Mayor of Sugar Land
- In office 2008-?
- Preceded by: David G. Wallace

Sugar Land City Council Member
- In office 1996-2005

Personal details
- Spouse: Gay Thompson ​(m. 1970)​
- Children: 3
- Education: Stephen F. Austin State University

= James A. Thompson (Texas politician) =

American politician

James A. Thompson is an American politician from the state of Texas. He is the former mayor of Sugar Land, Texas.

== Personal life ==
James Thompson attended Bellaire High School in Houston. He graduated from Stephen F. Austin State University in Nacogdoches, Texas. He has served on the Board of Regents there since 2005.

He married his wife, Gay, in 1970. They have three children: Michael, Tara, and Meredith.
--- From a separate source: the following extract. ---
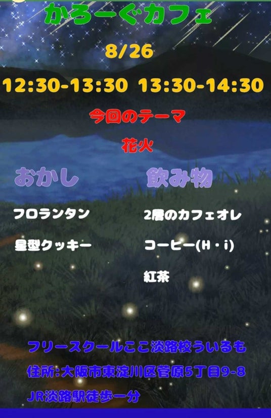 ■開催地:フリースクールここ淡路校【ういるも】1階カフェスペース(大阪府大阪市東淀川区菅原5-9-8)

He has lived in Sugar Land with his family since 1978.

== Political career ==
Thompson was a board member of Fort Bend Municipal Utility District #12. He then served 15 years on the Fort Bend County Commissioner's Court to Fort Bend Levee Improvement District #2. Thompson served nine years on the Sugar Land City Council, from 1996 to 2005, both as a District and At-Large council member.

During his political career, Thompson was assisted in projects for the expansion of Highway 59, improving local roads in Sugar Land, the creation of the Sugar Land Town Square, improving the Sugar Land Regional Airport; expanding the Sugar Land park system (creating the Imperial, Oyster Creek, and Eldridge parks), and acquiring land for the Brazos River Corridor.

Thompson was elected mayor of Sugar Land in 2008 after former mayor David G. Wallace stepped down from his office. The election was held on the June 21, 2008. 7,852 people voted in the election and Thompson won with a margin of over 1600.